Abstract. This note proposes a simple but consequential reframing. If the world is usefully viewed as computational, then AI safety is not only a problem of values, instructions, or benchmark capability. It is also a race over which computations are discovered, verified, deployed, and stabilized first. A civilization remains safe not because it has written down a perfect principle once and for all, but because it manages to keep dangerous computations from scaling faster than safe ones. Advanced AI matters here not only as a powerful tool, but as a new organ of societal self-modeling: for the first time, human society may be able to simulate itself in a more fine-grained, action-conditioned way than traditional social science allowed. This does not make society perfectly self-predictable, and it certainly does not guarantee self-mastery. But it may change the practical frontier of what can be forecast, stress-tested, and controlled.

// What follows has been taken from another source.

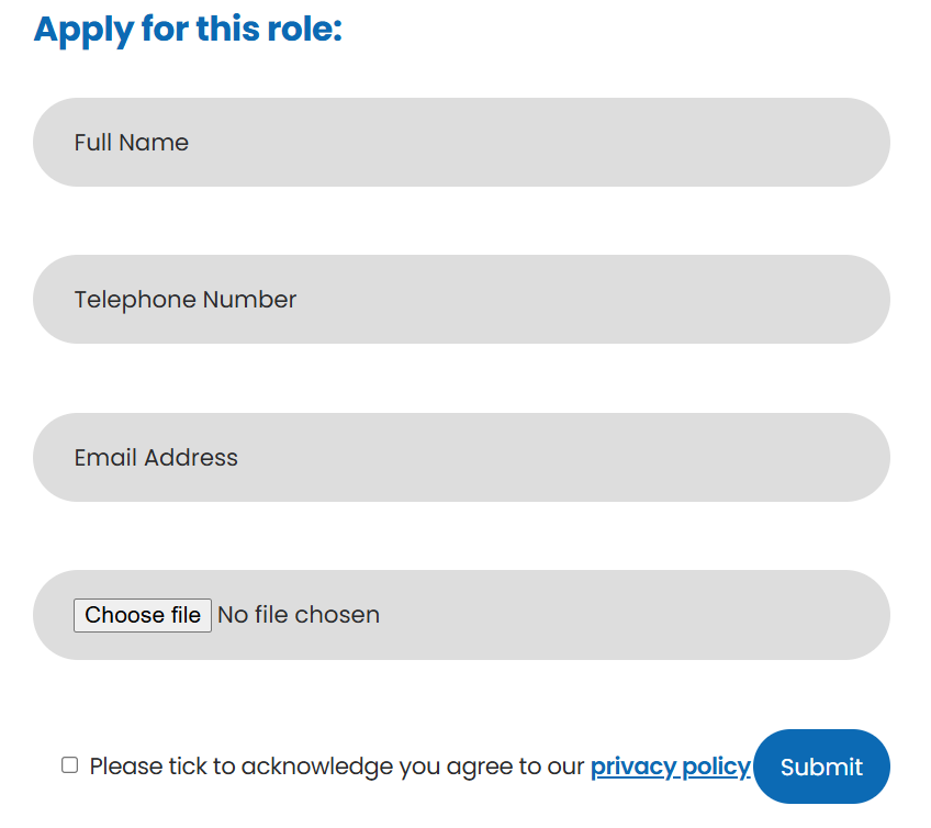 Full Name | Telephone Number | Email Address and a field to upload your CV, which should have all the other details needed.

Our main finding is therefore a reframing: safety is better understood as the discovery and maintenance of computations that keep the system inside viable regions, under uncertainty and reflexivity, rather than as the static optimization of a single reward. Our main conjecture is that the deepest safety problem may be a competition between safe and dangerous computation pathways. This note ends by sketching what that implies for current action and for future theory.


1. Why start from computation at all?

Many safety discussions begin with alignment, values, or incentives. Those are all important. But there is another, more structural angle.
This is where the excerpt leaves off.